Maestra che, inizialmente, per i suoi modi (osa addirittura guidare una biciclet­ta!) e il suo modo di abbigliarsi, non viene affatto ben accolta dalla piccola e chiusa comunità dell’isola (e questo punto, seppur di sottecchi, offre spunti di riflessione su un altro aspetto di quei tempi, ovve­ro la condizione della donna e lo stupore ancora presente, quantomeno nelle aree rurali, di fronte a qua­lunque cosa moderna o, ancor di più, occidentale).

 

A tratti quasi un musical, lungo il suo corso il film fa largo uso di canzoni e canzoncine (cantate in coro dai ragazzi) che contribuiscono a creare l’atmosfera e a smuovere lo spettatore nelle scene più drammatiche, a trasmettere alternativamente una gioiosa vi­talità o una profonda tristezza.
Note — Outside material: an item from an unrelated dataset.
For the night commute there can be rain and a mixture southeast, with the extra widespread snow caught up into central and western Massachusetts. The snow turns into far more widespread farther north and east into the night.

E se talvolta pare lì lì per cedere al patetismo, sempre si dimostra al con­trario in grado di suscitare autentica commozione.

 

Ventiquattro occhi è un capolavoro umanista e paci­fista, un film, come detto, pacato eppure potente, recitato benissimo dalla protagonista Hideko Takami­ne (una delle più celebri attrici nipponiche e sorta di musa per il regista Mikio Naruse) ma anche dai ra­gazzini, un’opera di grande rilevanza, emblematica di una delle fasi più fertili del cinema giapponese (al pari di molto più celebri e celebrati film come I sette samurai e Viaggio a Tokyo).

 

Presentato al festi­val di Venezia nel 1955, molto popolare (in patria) al tempo dell’uscita, col tempo è stato scandalosa­mente relegato in secondo piano e semi-dimenticato e, altrettanto scandalosamente, in Italia non è mai stato neppure distribuito.

Da recuperare assolutamente su DVD straniero, restaurato dalla benemerita Criterion. Remake a colori (introvabile) di Yoshitaka Asama nel 1987.